June 5, 2008

Whatever it takes

Some of those that I pray for have no interest in spiritual matters and seemingly no concern that sin holds them captive. They consider their lives normal and are blind to God’s love for them and His desire to set them free from a bondage they do not even realize. For these I often say to God, “Whatever it takes.”

While ‘whatever it takes’ could mean a great disaster or a great blessing, today I read something else about what it will take. This passage is from Jeremiah 30:3-11. While it directly refers to Israel, it also reveals what God will do to free His people from the bondage of sin.
‘For behold, the days are coming,’ says the Lord, ‘that I will bring back from captivity My people Israel and Judah,’ says the Lord. ‘And I will cause them to return to the land that I gave to their fathers, and they shall possess it.’

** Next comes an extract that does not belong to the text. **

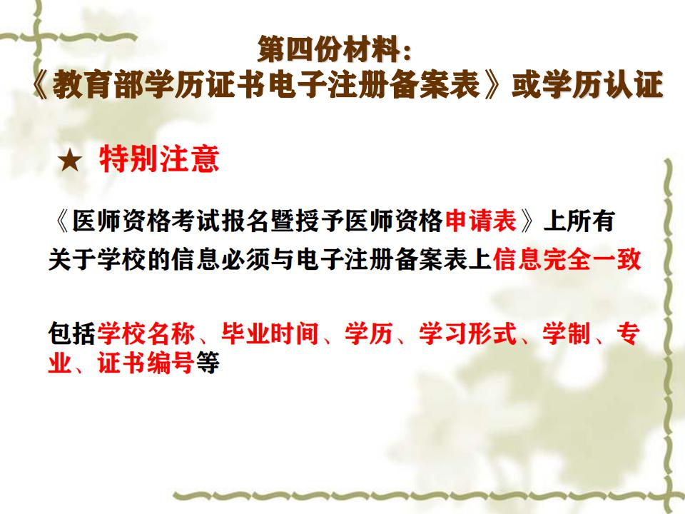 學(xué)歷認(rèn)證的學(xué)校名稱與電子注冊(cè)備案表上的不一致可以參加醫(yī)師報(bào)名?蘇州市2021年醫(yī)師資格考試報(bào)名園區(qū)醫(yī)考現(xiàn)場審核注意事項(xiàng)大家都在關(guān)注,醫(yī)學(xué)教育網(wǎng)編輯為您整理學(xué)歷認(rèn)證的學(xué)校名稱與電子注冊(cè)備案表上的不一致可以參加醫(yī)師的內(nèi)容如下。

Now these are the words that the Lord spoke concerning Israel and Judah. For thus says the Lord: ‘We have heard a voice of trembling, of fear, and not of peace. Ask now, and see, whether a man is ever in labor with child? So why do I see every man with his hands on his loins like a woman in labor, and all faces turned pale?

Alas! For that day is great, so that none is like it; and it is the time of Jacob’s trouble, but he shall be saved out of it. For it shall come to pass in that day,’ says the Lord of hosts, ‘That I will break his yoke from your neck, and will burst your bonds; foreigners shall no more enslave them. But they shall serve the Lord their God, and David their king, whom I will raise up for them.

Therefore do not fear, O My servant Jacob,’ says the Lord, ‘Nor be dismayed, O Israel; for behold, I will save you from afar, and your seed from the land of their captivity. Jacob shall return, have rest and be quiet, and no one shall make him afraid. For I am with you,’ says the Lord, ‘to save you; though I make a full end of all nations where I have scattered you, yet I will not make a complete end of you. But I will correct you in justice, and will not let you go altogether unpunished.’
My theological understanding says this speaks of that day when Jesus returns and the world enters a terrible tribulation. With that, my first thoughts brought despair; will those I pray for even live long enough to experience this soul-shattering event? If this is what it takes to set them free, will they miss out?

Like many Old Testament prophecies, fulfilment often comes in several ways. Sometimes it unfolds like a flower. Other times it applies to more than one thing. The author of today’s reading says something about this passage that is terrible in one sense, yet offers me greater hope in another. I will quote his words almost in their entirety:
This “day of trouble” is when sin is laid as a heavy burden upon a man’s conscience; when guilt presses him down into the dust of death, when his iniquities stare him in the face, and seem more in number than the hairs of his head; when he fears he shall be cast forever into the bottomless pit of hell, and have his portion with the hypocrites. This “day of trouble” is not literally a day, a portion of time meted out by the rising or setting sun, a space of twenty-four hours. The hands of a clock, or the shadow of a dial, cannot regulate spiritual troubles.

A day here means a season, be it long or short; be it a day, week month, or year. And as the season cannot be measured in length, so the trouble cannot be measured in depth. The only wise God deals out various measures of affliction to His people. All do not sink to the same depth, as all do not rise to the same height. All do not drink equally deep of the cup, yet all, each in their measure, pass through this day of trouble, wherein their fleshly religion is pulled to pieces, their self-righteousness marred, their presumptuous hopes crushed, and they brought into the state of the leper, to cry, “Unclean, unclean.”

Until a person has passed through this day of trouble, until he or she has experienced more or less of these exercises of soul, and known guilt and condemnation in conscience; until this person has struggled in this narrow pass, and had the rags of creature righteousness torn away from him, he or she can know nothing experimentally of the efficacy of Jesus’ atoning blood, nor feel the power of Christ’s resurrection.
God can get anyone’s attention. He might use calamity, physical and emotional distresses, tight places, and troubles, but in getting their attention, He must also bring them to the end of themselves, the end of thinking that they do not need Him. No one cries to God unless they are convinced that He is their only hope.

I would not be praying ‘whatever it takes’ unless I was totally convinced of this reality. He is our only hope.